这在c++中通常是不合理的,正如这里的其他答案所指出的那样。在c++中,我们倾向于基于其他约束来定义泛型类型,而不是“从该类继承”。如果你真的想这样做,在c++ 11和<type_traits>中很容易做到:
#include <type_traits>
template<typename T>
class observable_list {
static_assert(std::is_base_of<list, T>::value, "T must inherit from list");
// code here..
};
This breaks a lot of the concepts that people expect in C++ though. It's better to use tricks like defining your own traits. For example, maybe observable_list wants to accept any type of container that has the typedefs const_iterator and a begin and end member function that returns const_iterator. If you restrict this to classes that inherit from list then a user who has their own type that doesn't inherit from list but provides these member functions and typedefs would be unable to use your observable_list.
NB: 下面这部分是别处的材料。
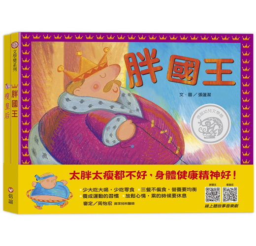 《胖國王.瘦皇后》以幽默輕鬆的故事,點出了飲食、生活習慣與身心健康有著密切關係,像是國王暴飲暴食又不運動,身體負擔大;皇后忙碌焦慮又偏食,身心壓力大等。「過胖」和「過瘦」不只是身材外型的問題,更會對身體健康帶來嚴重衝擊,是現代人必須重視的健康議題。故事中告訴孩子造成胖瘦的成因及影響,同時也提醒大家注意營養均衡、適量運動、睡眠充足,才能維持良好體態,擁有健康身心!
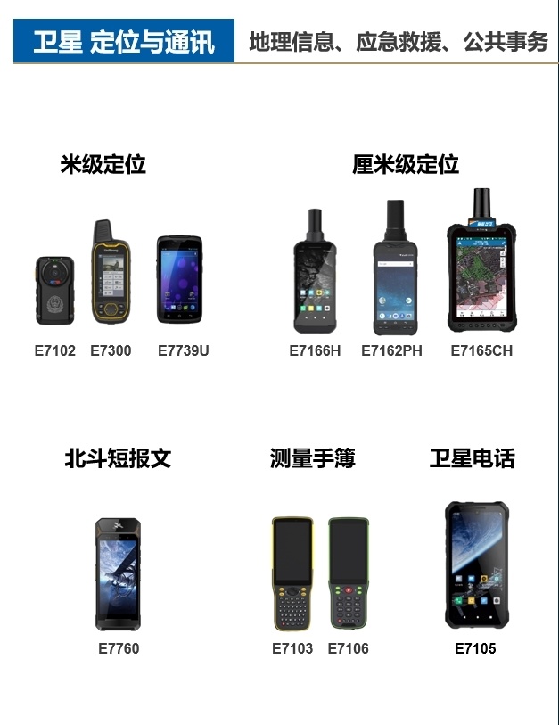 在卫星定位与通讯终端领域,从米级、厘米级定位的测量终端,到支持北斗短报文和天通的卫星电话,卫星通信系列产品广泛应用于地理信息采集、应急救援指挥、公共事务管理等场景,为精准决策提供数据支撑。

There are two solutions to this issue, one of them is to not constrain anything and rely on duck typing. A big con to this solution is that it involves a massive amount of errors that can be hard for users to grok. Another solution is to define traits to constrain the type provided to meet the interface requirements. The big con for this solution is that involves extra writing which can be seen as annoying. However, the positive side is that you will be able to write your own error messages a la static_assert.
为了完整起见,上面例子的解决方案如下:
#include <type_traits>
template<typename...>
struct void_ {
using type = void;
};
template<typename... Args>
using Void = typename void_<Args...>::type;
template<typename T, typename = void>
struct has_const_iterator : std::false_type {};
template<typename T>
struct has_const_iterator<T, Void<typename T::const_iterator>> : std::true_type {};
struct has_begin_end_impl {
template<typename T, typename Begin = decltype(std::declval<const T&>().begin()),
typename End = decltype(std::declval<const T&>().end())>
static std::true_type test(int);
template<typename...>
static std::false_type test(...);
};
template<typename T>
struct has_begin_end : decltype(has_begin_end_impl::test<T>(0)) {};
template<typename T>
class observable_list {
static_assert(has_const_iterator<T>::value, "Must have a const_iterator typedef");
static_assert(has_begin_end<T>::value, "Must have begin and end member functions");
// code here...
};
上面的例子中有很多概念展示了c++ 11的特性。对于好奇的人来说,一些搜索词是可变参数模板、SFINAE、表达式SFINAE和类型特征。